The building construction materials are responsible for a large amount of energy and natural resource consumption. In light of the current challenges of resource scarcity and global climate change, the circular economy (CE) is a promising strategy to mitigate pressure on the environment, improve supplying of raw materials, and increase new market and employment opportunities. Developing eco-friendly thermal insulation materials based on agro-waste is a new waste management trend to achieve the sustainability of the resource and energy consumption in the construction sectors.

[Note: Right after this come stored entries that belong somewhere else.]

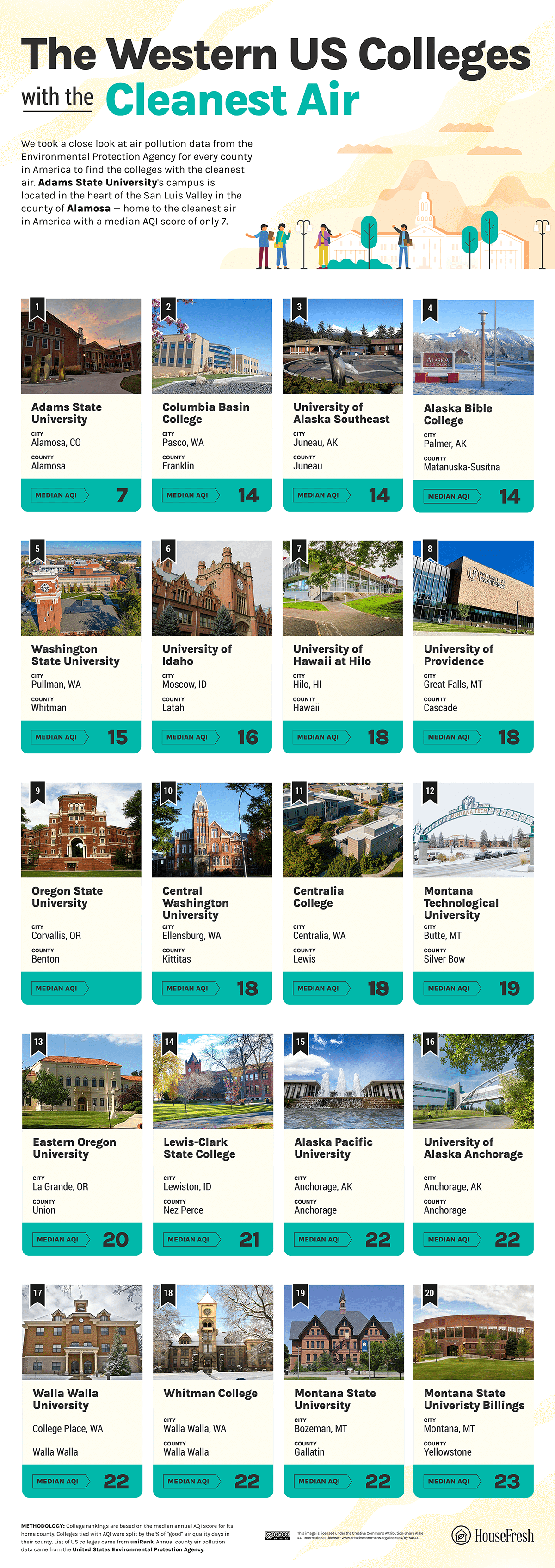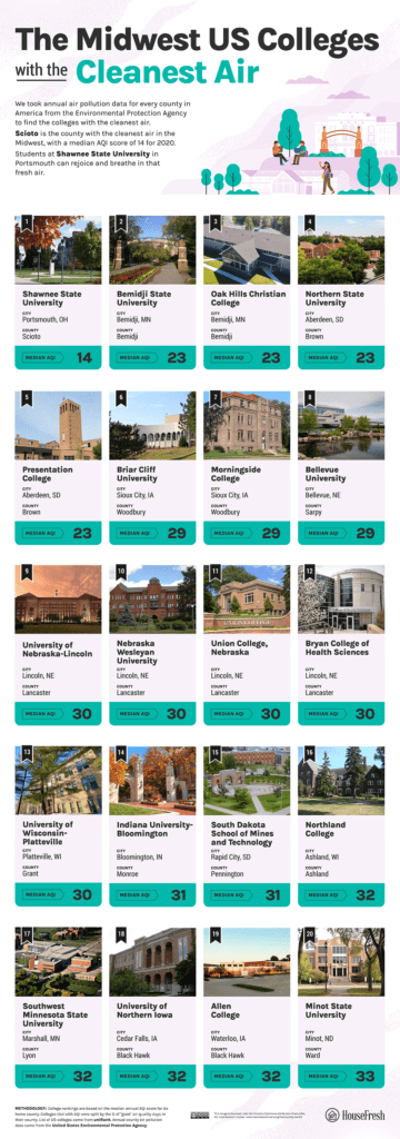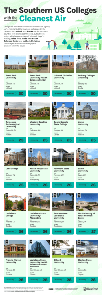 A new study from HouseFresh analyzed Air Quality values of the areas around every college in the country to find which college campuses have the best air quality. The tool to measure air quality is known as AQI and is used by the United States Environmental Protection Agency.
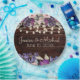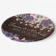 Wedding reception paper plates in a rustic wood design with purple and pink watercolor floral and glittering string lights. Add the couple's names and wedding date.
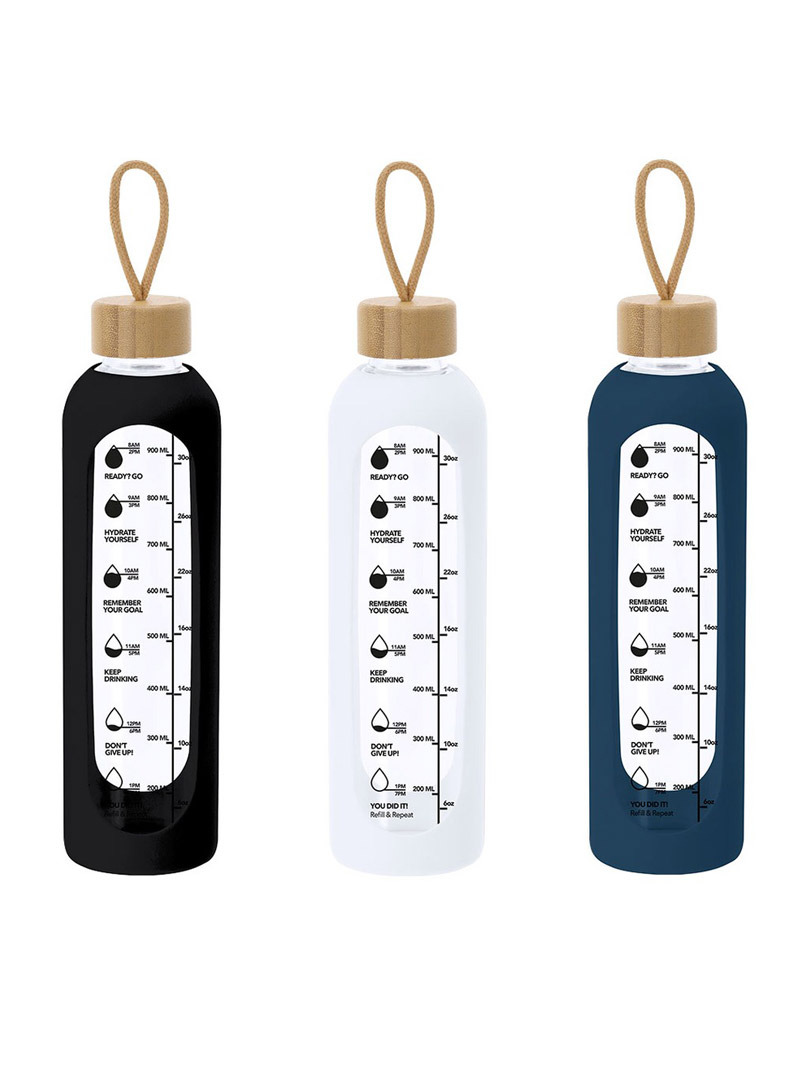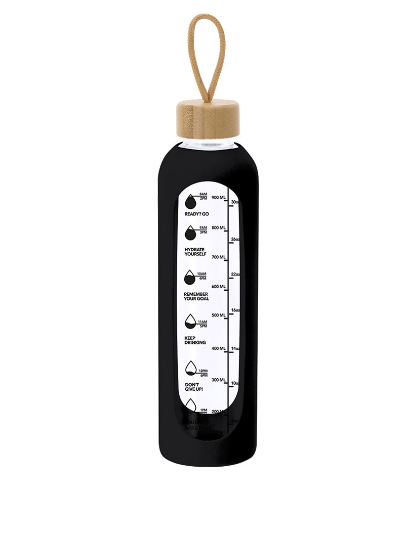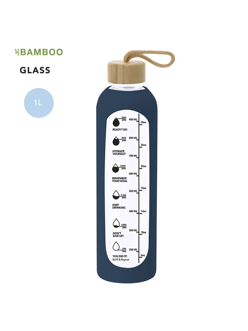 Botella promocional de cristal, 1L de capacidad. Diseñado para fomentar una hidratación adecuada. Recubierto con funda de silicona que protege y proporciona un agarre cómodo y seguro. Tapón, elaborado en bambú, incluye cordón para transporte.
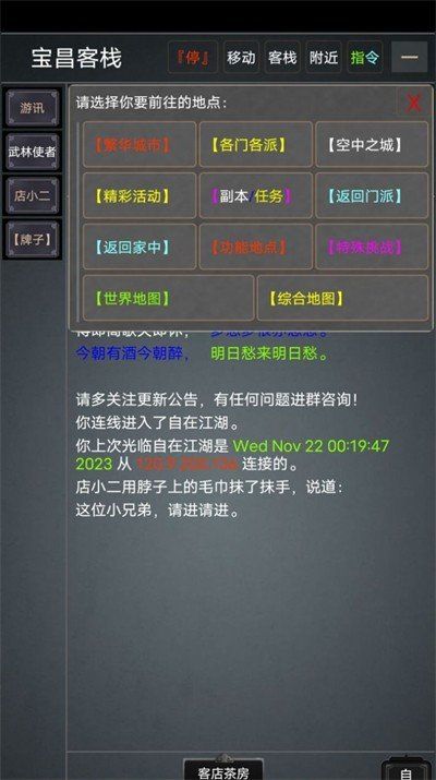 首先,你需要在007游戏网下载并安装万般虚妄,随后进入游戏创建角色。游戏提供了多种门派供你选择,每个门派都有独特的武功与剧情,你可以根据自己的喜好自由加入。在游戏中,你将体验到丰富的文字江湖玩法,通过完成任务、挑战副本等方式获取武功秘籍与稀有装备。此外,游戏还支持放置挂机功能,让你在离线时也能积累经验与资源,轻松提升实力。

In this work, banana-polystyrene composites were prepared by mixing the banana peels powder (BP) with polystyrene (PS) in different weight ratios (90:10, 80:20, 70:30, and 60:40). The physical and thermal properties such as thermal conductivity, electrical conductivity, Fourier Transform Infrared (FTIR), crystallographic structures of the fibers, X-Ray Diffraction (XRD), Thermogravimetric Analysis (TGA), and Differential Scanning Calorimetry (DSC) were carried out on BP and BP-PS1 that were prepared with ten wt.% and 20 wt.% of polystyrene powder (BP-PS2). The bio-composites results showed low thermal conductivity ranging from 0.028 to 0.030 W/m.K. The BP-PS2 exhibited a lower thermal conductivity of 0.027 W/m.K, while the pure peel powder demonstrated notable thermal stability, indicated by a total weight loss of 66.4% and a high crystallinity value of 56.1%. Furthermore, the thermal analysis (TGA) and X-Ray Diffraction (XRD) demonstrated that the pure banana peel has the highest thermal stability and crystallinity. These findings indicate that using banana peel-polystyrene composites represents an innovative solution for thermal insulation in buildings as an alternative to conventional materials to reduce energy and resource consumption.